** Provided data follows **
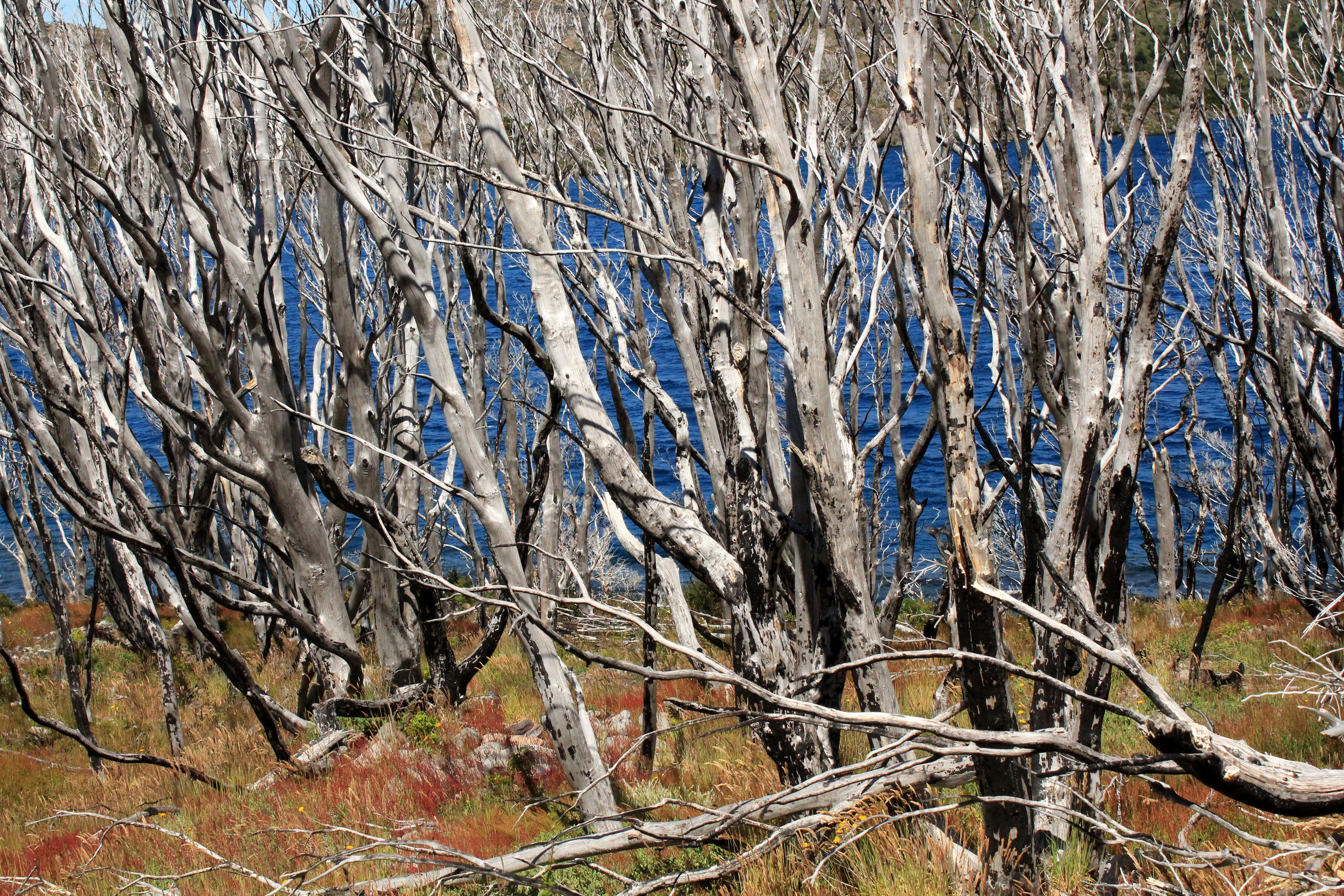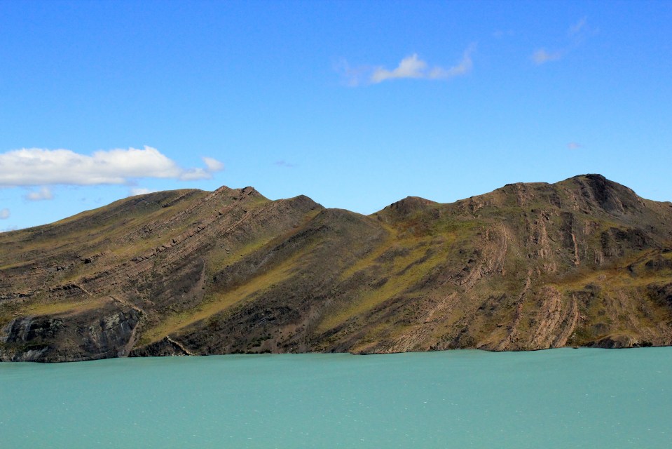 Nos chaussures reprennent ensuite le chemin du campement. Puis s’élancent, pleines d’entrain, le long des berges du lago Nordenskjöld. Les paysages changent. La chaleur devient vite écrasante. Les rayons du soleil rôtissent notre peau tendre. Les jambes crissent. On atteint douloureusement le campement de los Cuernos, puis le campement El Francès où l’on pose bagage.
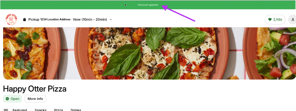 Once an eater has an available loyalty balance, they can redeem points to apply as a discount towards an order. Rewards can be redeemed during the checkout process by:
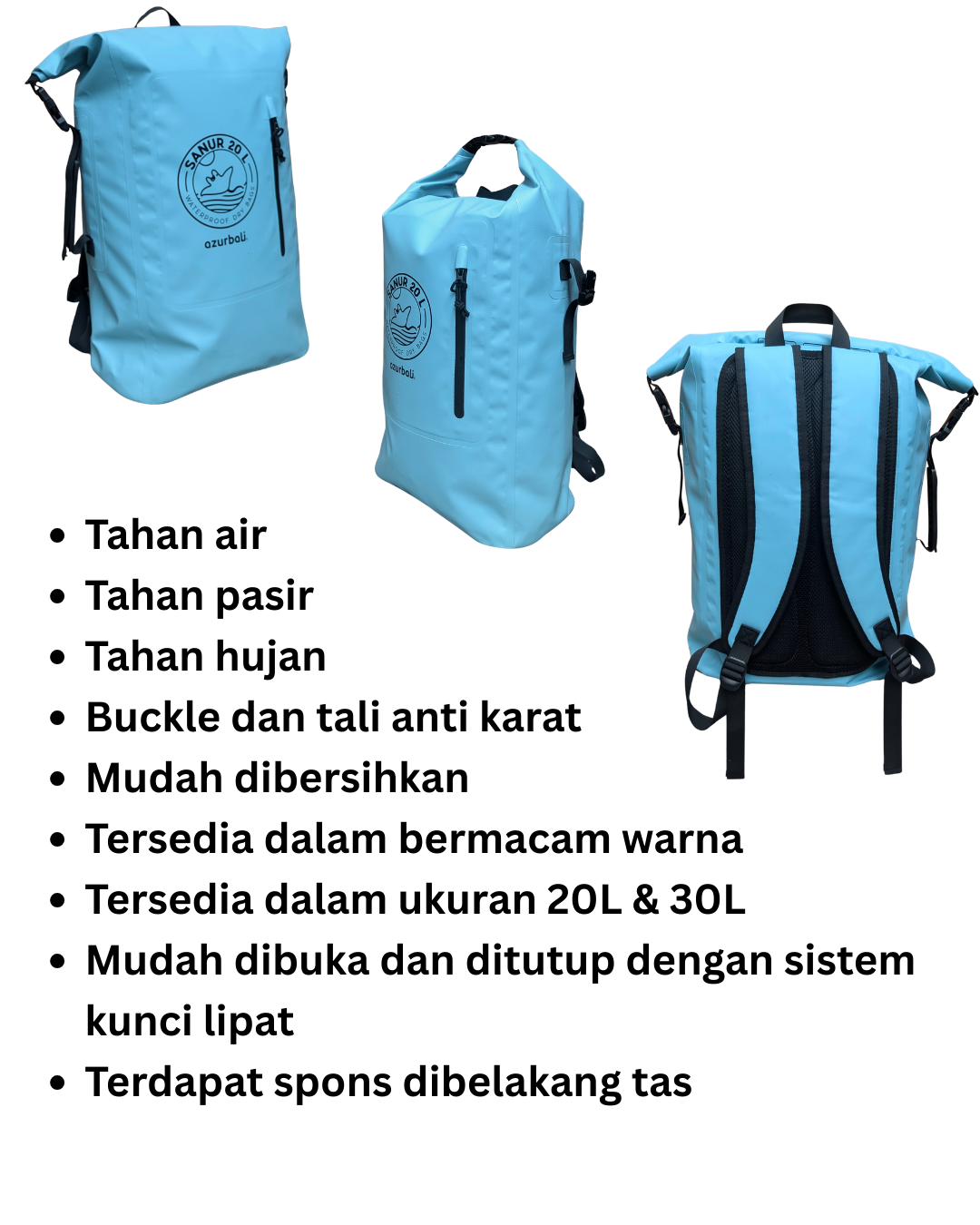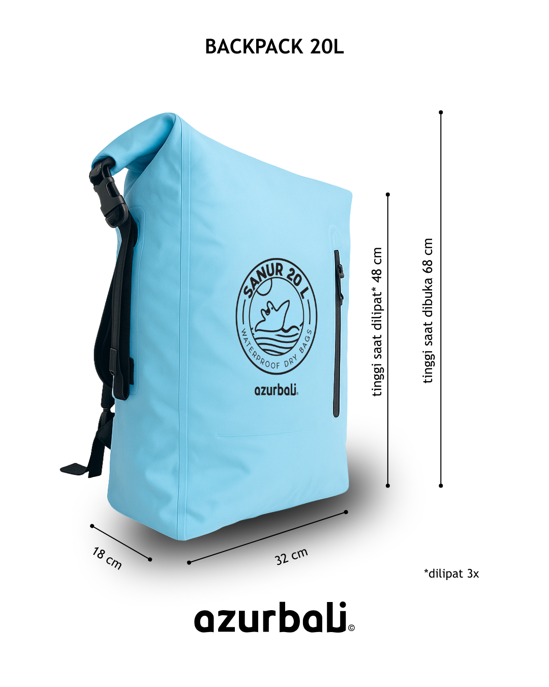 - Shape: Cylinder dry bag with two comfort shoulder straps
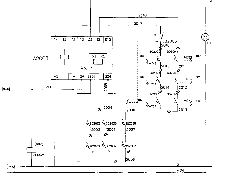 這個是一個意大利進口設備的圖紙上面的。沒有看見這個東西的實物。分析原理圖,這個東西 應該是把一系列的行程開關串并聯,滿足條件后動作自身的繼電器的這樣一個東西。
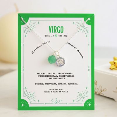 Collar de Plata 925 con piedra natural aventurina signo virgo | Falabella
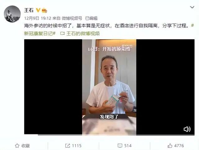 日前,知名企业家王石通过微博分享了一段在酒店做抗原测试的视频,并自曝在海外参访的时候中招了,现在已经平安回到国内,为了不连累到家人,选择到酒店进行自我隔离。然而不幸中的万幸,他没有出任何不适症状,后来经过大概一周时间的检测,已经从阳性转为阴性。
** End of Provided data **
The lines wanted run from the line containing "Once an eater" through the end of the entries; return them exactly, both ends included, and keep pictures out.

 Once an eater has an available loyalty balance, they can redeem points to apply as a discount towards an order. Rewards can be redeemed during the checkout process by:
 - Shape: Cylinder dry bag with two comfort shoulder straps
 這個是一個意大利進口設備的圖紙上面的。沒有看見這個東西的實物。分析原理圖,這個東西 應該是把一系列的行程開關串并聯,滿足條件后動作自身的繼電器的這樣一個東西。
 Collar de Plata 925 con piedra natural aventurina signo virgo | Falabella
 日前,知名企业家王石通过微博分享了一段在酒店做抗原测试的视频,并自曝在海外参访的时候中招了,现在已经平安回到国内,为了不连累到家人,选择到酒店进行自我隔离。然而不幸中的万幸,他没有出任何不适症状,后来经过大概一周时间的检测,已经从阳性转为阴性。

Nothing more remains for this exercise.